Just seven years after the Puritans’ arrival, an Anglican lawyer named Thomas Morton published a book that threatened the young colony and its residents’ covenant with God. New English Canaan, a three-part text published in Amsterdam in 1637, is mostly filled with detailed observations about the region’s Indigenous people and descriptions of plants, animals and natural resources that could be commodified by white settlers. But a brief section at the end offers a withering critique of the Puritans and the society they were building, including their treatment of Native Americans.
Members of the Massachusetts Bay Colony—known to be a tightly controlled society—adhered to strict beliefs about how to live and worship. Women and children were taught to read so they could learn directly from the Bible, but few other books were imported. Public entertainment wasn’t allowed except for church services. Cursing was punishable by law. Despite harsh winters and conflicts with Native Americans, the Puritans believed their colony would survive if they obeyed God, and they were constantly on the lookout for signs from above.

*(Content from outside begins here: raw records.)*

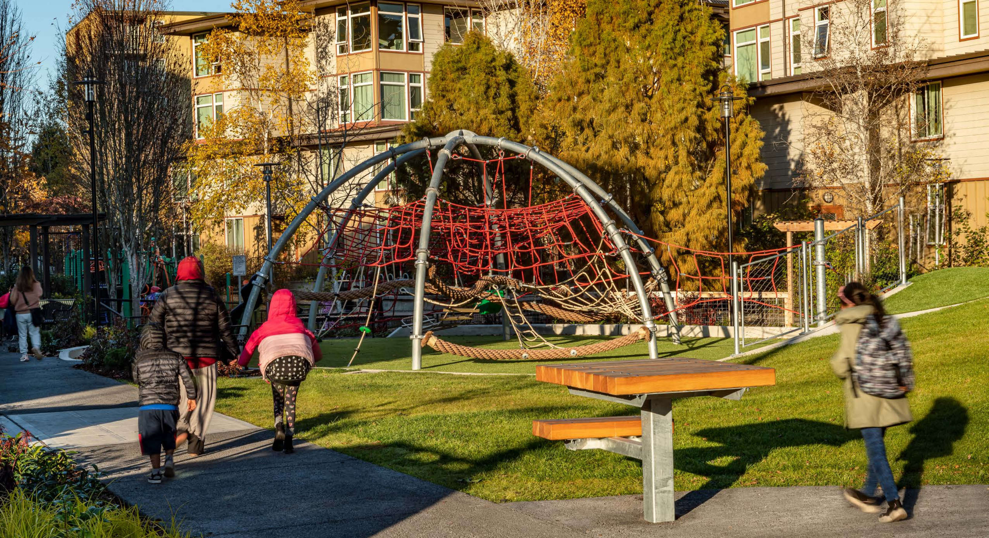
With careful design planning, Lake City Park accommodates a diverse mix of community-requested programs, allowing the postage stamp site to serve as a neighborhood hub and community gathering space.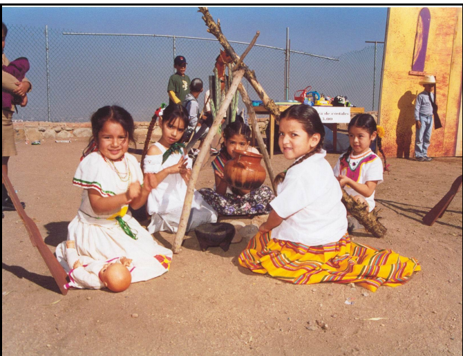
Kindergartners recreate campfire during Gran Kermesse Presentation November 2002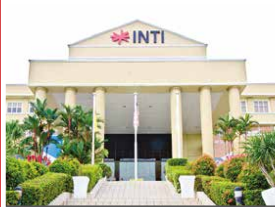
INTI INTERNATIONAL UNIVERSITY

PERAK 05-241 1933 | No. 258, Jalan Sultan Iskandar, 30000 Ipoh JOHOR 07-364 7537 | No. 25, 25-01, Jalan Austin Heights 8/1, Taman Austin Heights, 81100 Johor Bahru PAHANG 09-560 4657 | B16, Jalan Seri Kuantan 81, Kuantan Star City II, 25300 Kuantan SARAWAK 082-265 897 | Ground Floor SL.38. Lot 3257, Block 16, Gala City, Jalan Tun Jugah, 93350 Kuching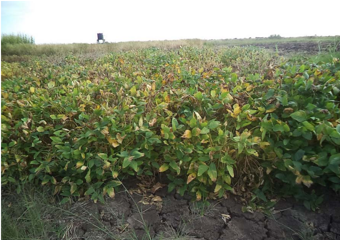
Soyabean crop at late stage of maturity in Caia District, Mozambique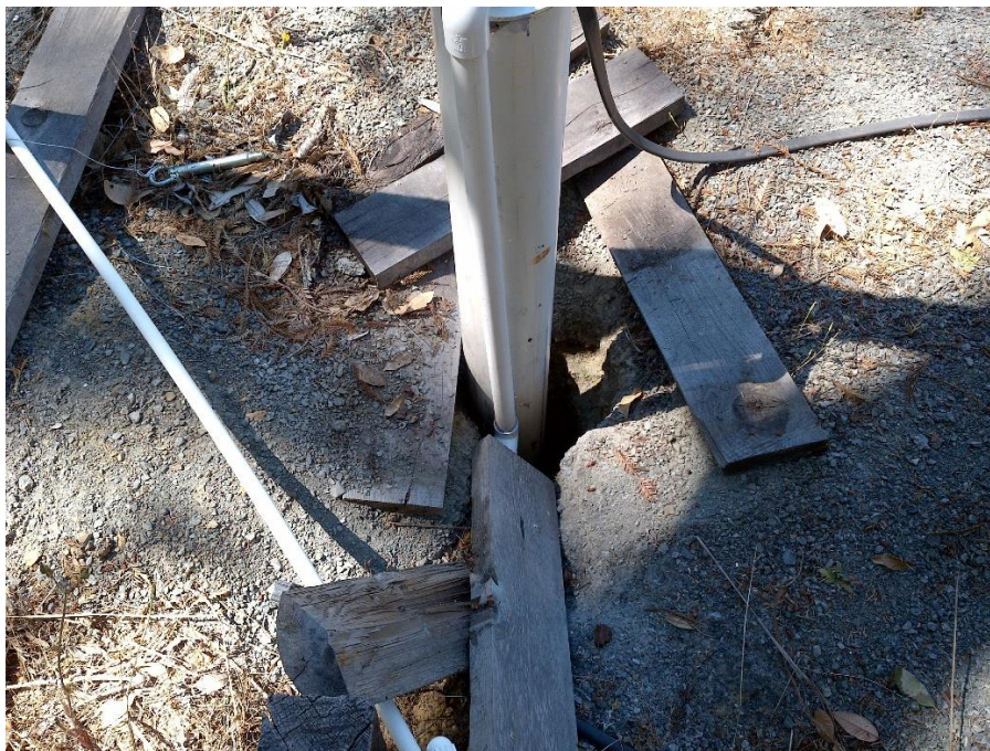
Photo 1—Groundwater well located at WQ1. Cavity where the well protrudes from the ground may allow pollutants from the service to pollute groundwater.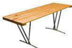
trestles 1.8m 2.1m 2.4m & 3m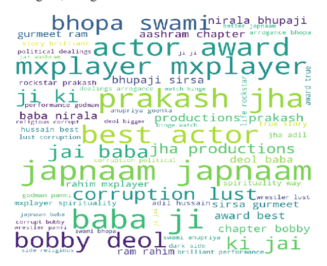
Fig. 5: Figure Shows the Word Cloud Created from Tweets Related to the Web Series Aashram Chapter 2

Based on the analyzed tweets included in the text file " aashram2.txt ", the word cloud has been obtained as shown in Fig. 5. The bigger is the size of the text in the word cloud, the more frequently the word occurred in the tweets and vice versa. The word cloud prominently illustrates the names of different characters, popular dialogues, and genres of the web series.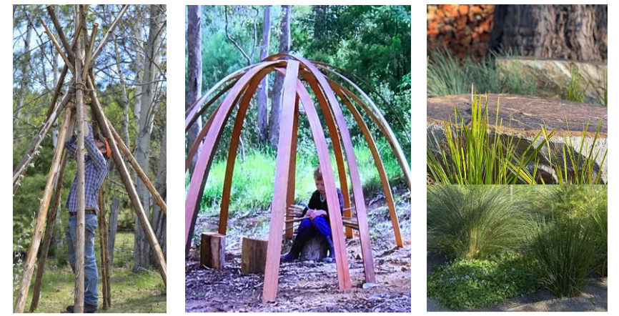
Natural timber and Corten play huts throughout upper terrace Hardy indigenous planting throughout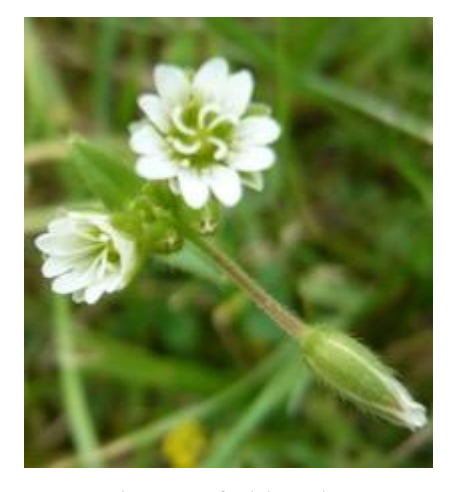
April-Nov - field paths Leaves - oval Flowers - tiny, lose clusters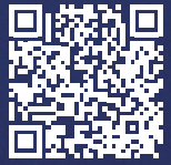
RUTX09 360° VIEW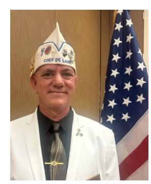
Greetings Fellow Voyageurs,

I have been quite busy last month gearing up for the Grande Wreck and yard work. I have had conversations with several voitures that this Spring Wreck should be a good one. We are expecting to have several NEW P.G.'s to test and hopefully they make it through earning their "Voyageur Militaire" bar for the marching medal. Good Luck to all of you, and can't wait to meet you.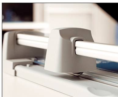
Features a ground self-sharpening rotary blade that cuts in either direction.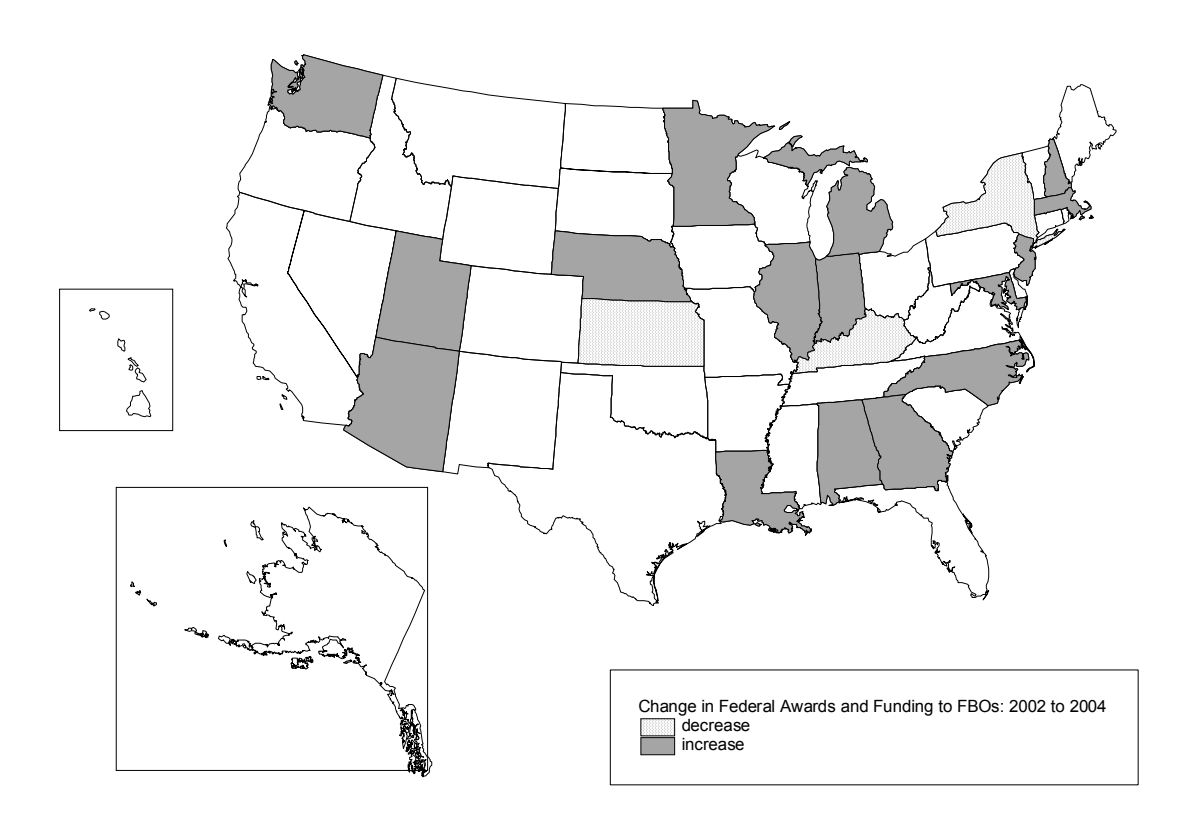
Figure 1. States Where Both Federal Funding and Awards Increased/Decreased to FBOs: 2002 to 2004

While half of the states had decreases in <u>funding amounts</u> to faith-based organizations from 2002 to 2004, only a few had any significant decreases in the <u>number of grants</u> awarded to faith-based organizations (Figure 2). In fact, three-quarters of the states had increases in the number of awards going to faith-based organizations.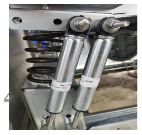
Germany SUSPA damper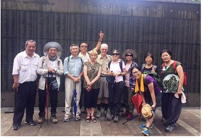
Sharing the POWs' story with a very appreciative group of interested Taiwanese at Jinguashi.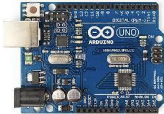
Fig 5: Arduino board

Shortly after New English Canaan’s publication, the Puritans outlawed the text in their colonies, committing what historians consider the first act of book banning in the present-day United States. Fewer than 25 of the original copies from Amsterdam survive today, but far from disappearing, the book has cropped up continuously over the last four centuries in other works of literature and history. And Morton, who was once ridiculed by other colonists and nicknamed the “lord of misrule” by Plymouth Colony Governor William Bradford, became an anti-authoritarian symbol celebrated for his defiance of Puritan society.
Sarah Rivett, a literary scholar at Princeton University who has occasionally taught the book in her classes, says it’s hard to draw a direct line from the banning of New English Canaan to modern book bans due to differing cultural contexts. Still, she says the book’s long life is telling.
“That’s why we read these texts at all—to think about how things play out over time,” she explains. “Why they’re dangerous is the thing that is culturally specific and maybe can’t be connected, but the belief in the power of books to change people’s minds, to cause people to behave in a certain way, and to generate a movement or bring a group of people together, that is a question that’s relevant today.”